The Supreme Court of Pakistan has handed down two interesting judgments recently. Both are sufficiently ambiguous to suggest that the court has thrown up a couple of balls but expects others to catch them in flight and carry them to the goalpost.
The first judgment upholds every citizen’s fundamental right to live and return to his homeland. But it adds the caveat: “subject to law”. Surely, this was unnecessary since every right is subject to law and circumscribed by it anyway. So what could the court possibly have in mind in the case of Shahbaz Sharif’s impending return that it hasn’t spelt out clearly?
Clearly, the government can arrest Shahbaz Sharif when he lands on Pakistani soil on the basis of one charge or another, true or trumped. The law will then be invoked when the case is framed and submitted to scrutiny by the courts. But given past experience in general and that of Asif Zardari in particular, troublesome politicians can generally be kept behind bars on one lawful pretext or another for as long as the government likes. However, this doesn’t seem to bother Mr Sharif. He has said that he is ready to face arrest and contest the charges against him. What he doesn’t want is to be put on another flight out to Riyadh, there to face irrevocable social captivity like his elder brother and father. Therefore the issue of “deportation” is at the heart of the matter not just for him but for the government as well. Having allowed Mr Sharif the right to return to his country, has the SC enabled the government to deport him out of the country lawfully?
There is no specific law under which a Pakistani citizen who has not committed a crime abroad and who is not subject to any extradition treaty can be lawfully deported. To be sure, we have had cases of extradition (Ramzi Yusuf et al) in which Pakistani citizens were nabbed and rather arbitrarily, some would say unlawfully, handed over to the US government which wanted to try them for specific crimes. But in the case of Mr Sharif, he has committed no crime for which he may be “wanted” by the Saudi Arabian government and for which it might be prepared to lay the evidence before a relevant court of law in Pakistan.
Of course, the government may argue, as it has done so far, that Mr Sharif would breach an “agreement” by returning to Pakistan, thereby enabling the government of Pakistan to deport him to Saudi Arabia. What is this “agreement”? Is it a “sovereign” agreement between two countries to which the Sharifs have appended their signatures without coercion and which is subject to international law? Or is it a breach of a three-way “contract” between the Sharifs and two governments which is subject to domestic and international law? Thus, if the government is readying to deport Mr Sharif it should also get ready to contend with questions such as these when it is called upon to present its evidence and defend its action in the SC. In the event, given the dubious nature of the so-called “agreement” that cannot apparently be made public, the SC’s stricture of “subject to law” may come to apply more to the government than to Mr Sharif.

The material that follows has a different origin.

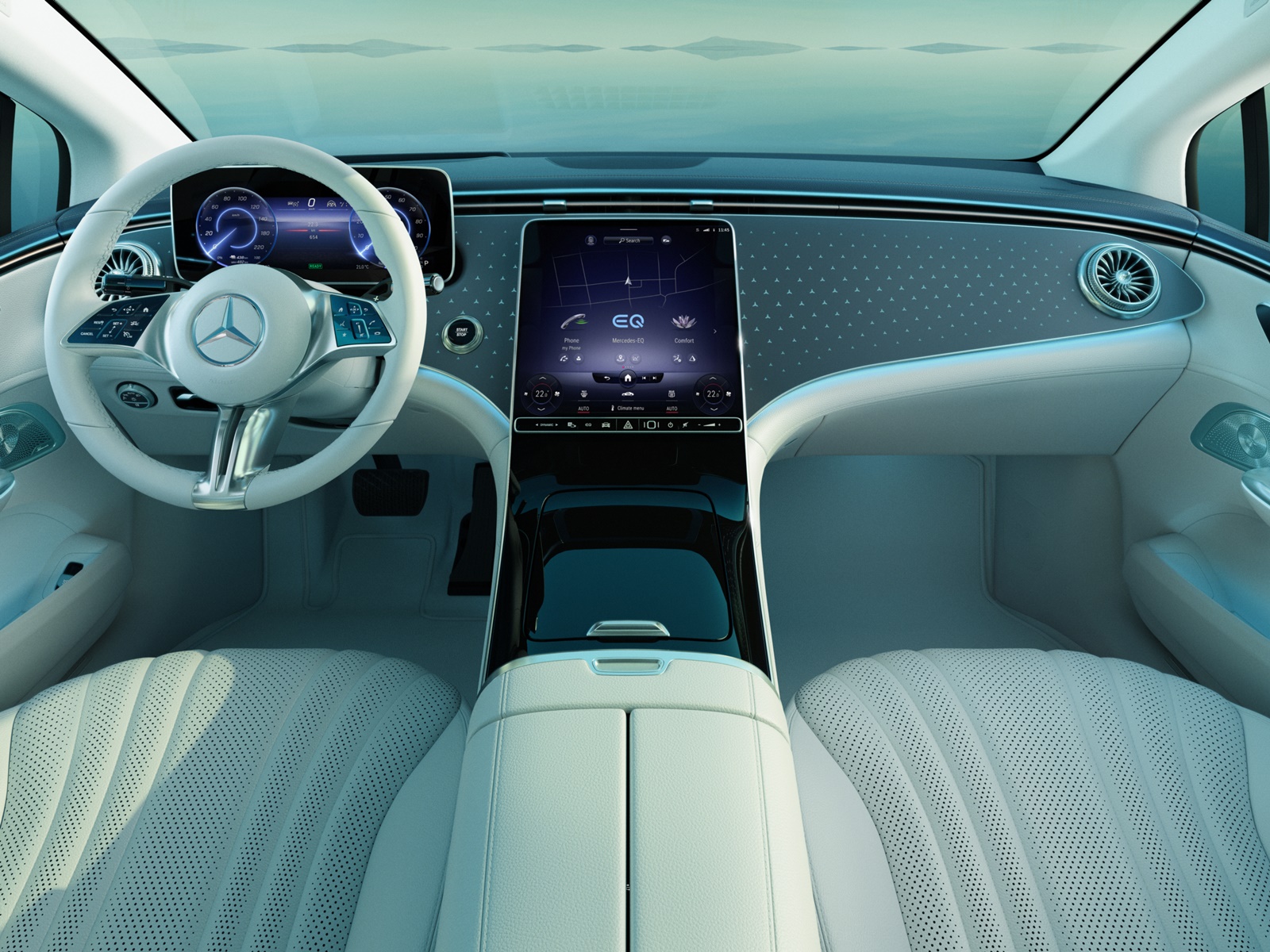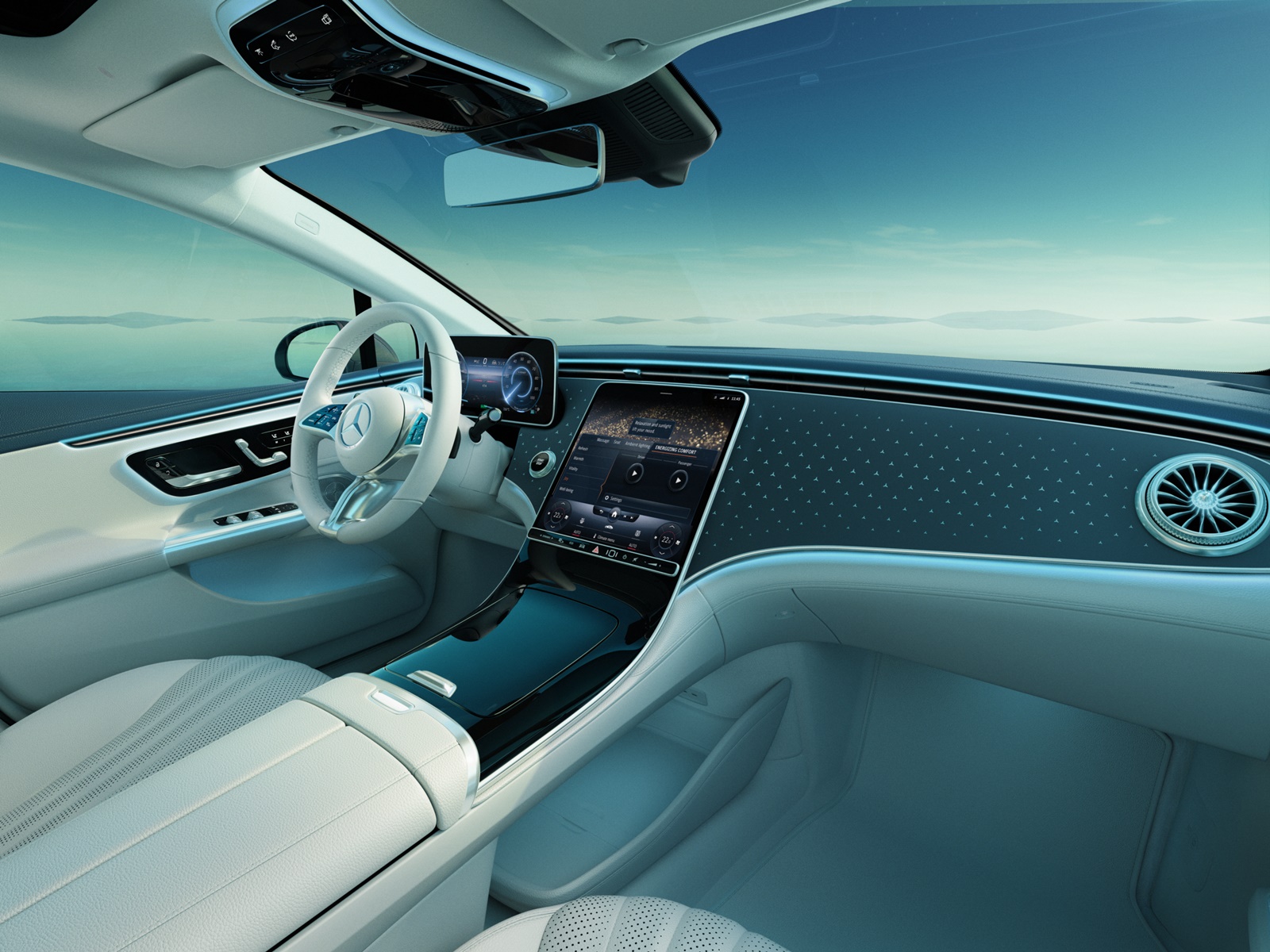 더 뉴 EQE 350+에는 다양한 최신 기술 및 엔터테인먼트 기능들이 적용돼 탑승객들의 모든 감각을 만족시킨다.

The SC has stirred another important subject recently. The case before it related to a man who had been convicted by an anti-terrorist court of kidnapping a woman and forcing her to sign a cheque. After his appeal was turned down by the High Court, he approached the victim and struck a compromise with her. Her lawyer relied on Islamic law to make his defence. He argued that the Holy Prophet (pbuh) forgave a Hindu (sic) woman who had killed his uncle Hazrat Hamza. But the judges turned down the plea. They argued that those convicted of terrorism cannot be given the benefit of compromise or personal arbitration because they are perpetrators of “crimes against society”. In fact, one of the judges on the bench said that parliament should legislate on such matters in order to curb the menace of terrorism.
This judgment raises important questions. Why should these observations relating to “crimes against society” apply only to judgments of anti-terrorist courts and not to those delivered under the Hadood laws? Both sets of laws are the product of parliament. Why is “diyat” acceptable under Hadood and not under “terrorism”? Why can men who violate the rights of women under Hadood be let off on the basis of a compromise with aggrieved woman while men who commit lesser crimes under the anti-terrorist laws are denied the relief of an out-of-court compromise? Aren’t crimes against women crimes against humanity and society? Isn’t it time to challenge the Hadood laws on the basis of the SC’s latest utterances?
The senior judiciary is guilty of many acts of omission in the past. It is time it delivered some good acts of commission.